BEST SEASON TO TRAVEL

It’s a double-edged sword, you can avoid the crowds by going in off season and avoiding the Great Migration (Jan-March & prices skyrocket) but you may run into the rainy season which is really bad news for birders.  Dry weather forces animals to stay closer to watering holes so they are easier to find.  Generally speaking, the dry season is June to October, the rainy season is November to May.  We were there in late November which is shoulder season and it hadn’t started raining yet.  If you have a choice, I would go for Sept-Oct for the best weather, still not high season and good birding.  Regardless of the weather, I would also avoid school holidays in the USA & Europe so that means June, July & August.  Crowds are even worse for birding!

Tarangire WeatherBOTTOM LINE

Obviously a lot of thought and preparation needs to go into a birding safari to Africa.  The lower your budget, the more you have to do yourself.  For most people, this will be a once in a lifetime experience so take your time and get it right!

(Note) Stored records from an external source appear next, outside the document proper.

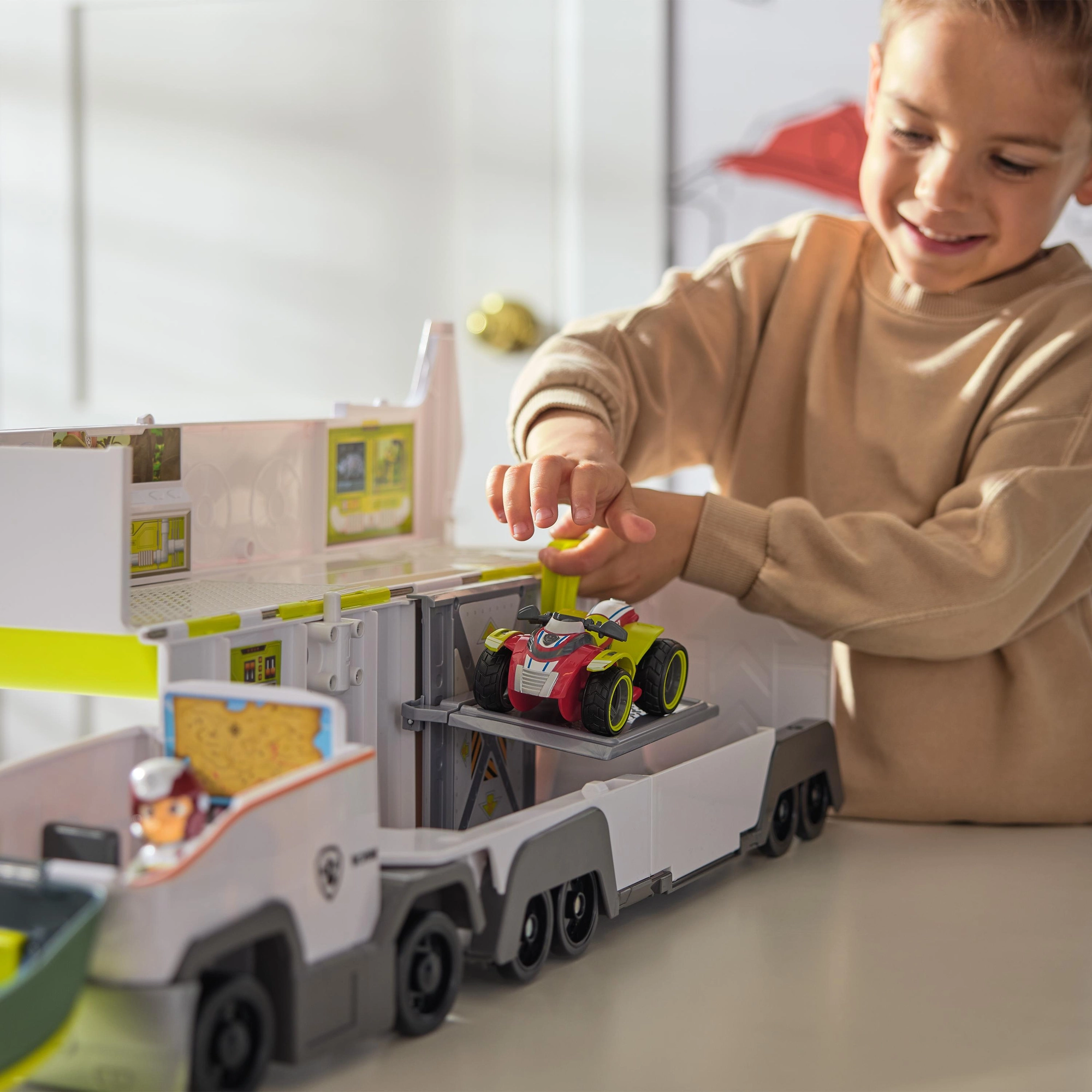 Transportér se otevře do prostorné herní stanice s panely, rampami a místem pro figurky a vozidla. Ideální pro rychlé nasazení celé party z PAW Patrol.
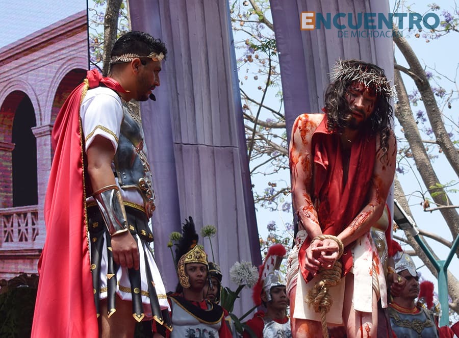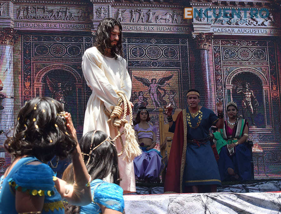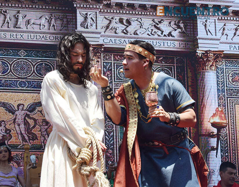 Este año también cautivó la escenografía de fondo en el escenario que dio una pantalla monumental, con la ambientación para las diferentes escenas como las presentaciones del nazareno ante Poncio Pilatos y Herodes Antipas, así como la proyección de los azotes al llamado rey de los judíos.
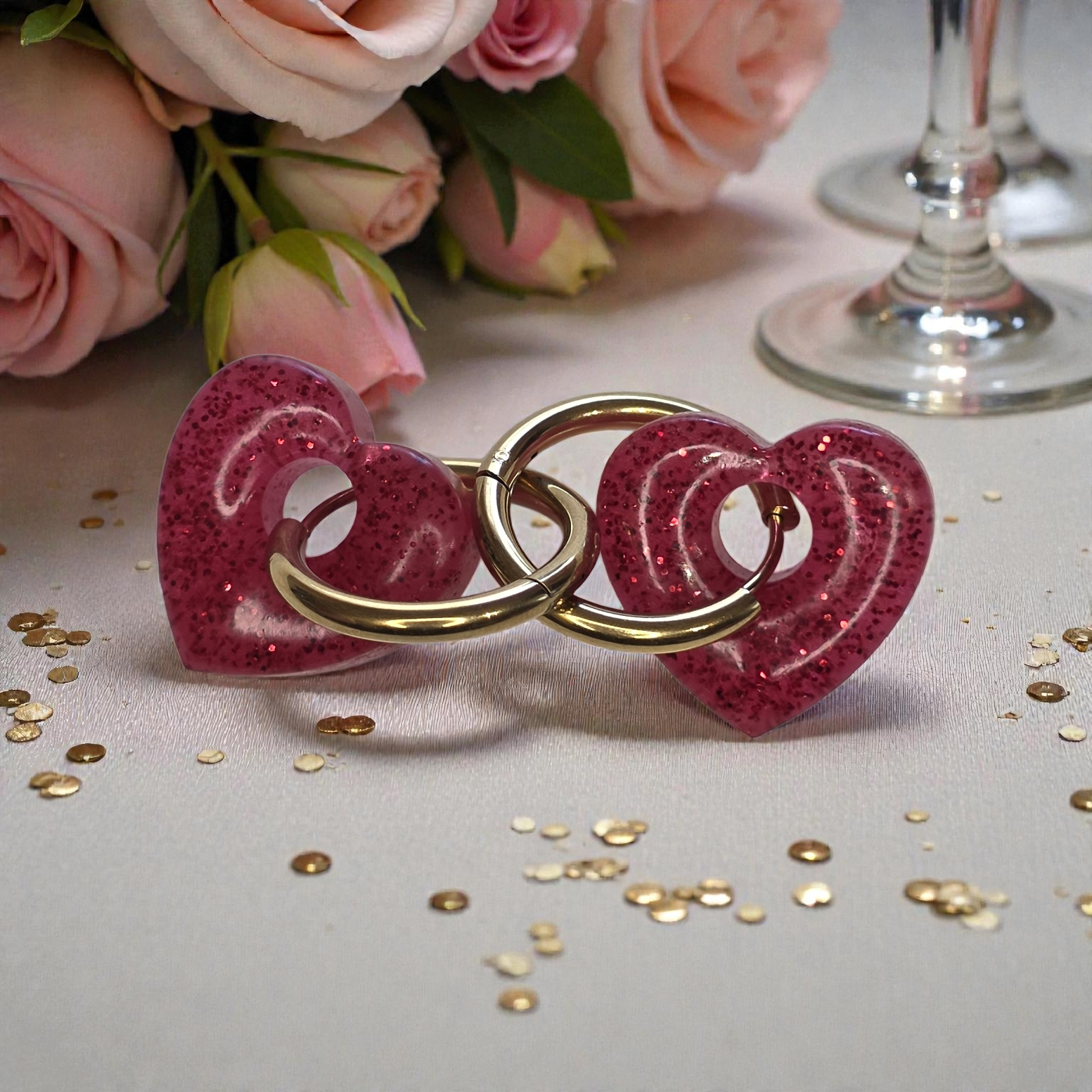 Vibrant et lumineux, ce charm cœur se distingue par sa forme ajourée et ses nuances intenses de rose framboise sublimées par de fines paillettes scintillantes. La résine capte la lumière avec éclat et révèle un effet brillant et profond qui évolue selon l’éclairage, offrant un rendu à la fois romantique, festif et élégant.

What It’s Really Like To Travel In Tanzania

Since I am an even worse videographer than photographer, I thought I would share this video posted on YouTube by Rigdon Currie.  He and his family visit several of the same places we did in northern Tanzania with Rockjumper Birding Tours and they spent more time in each place.  He got some great footage that really shows what it’s like to travel in the African bush.  They even got to do a hot-air balloon ride – I’m so jealous!  As for the birds, I’m sure they got more than we did but they stayed longer.  I did see a lot of familiar birds though so I think we did OK too!  So jealous of the leopards!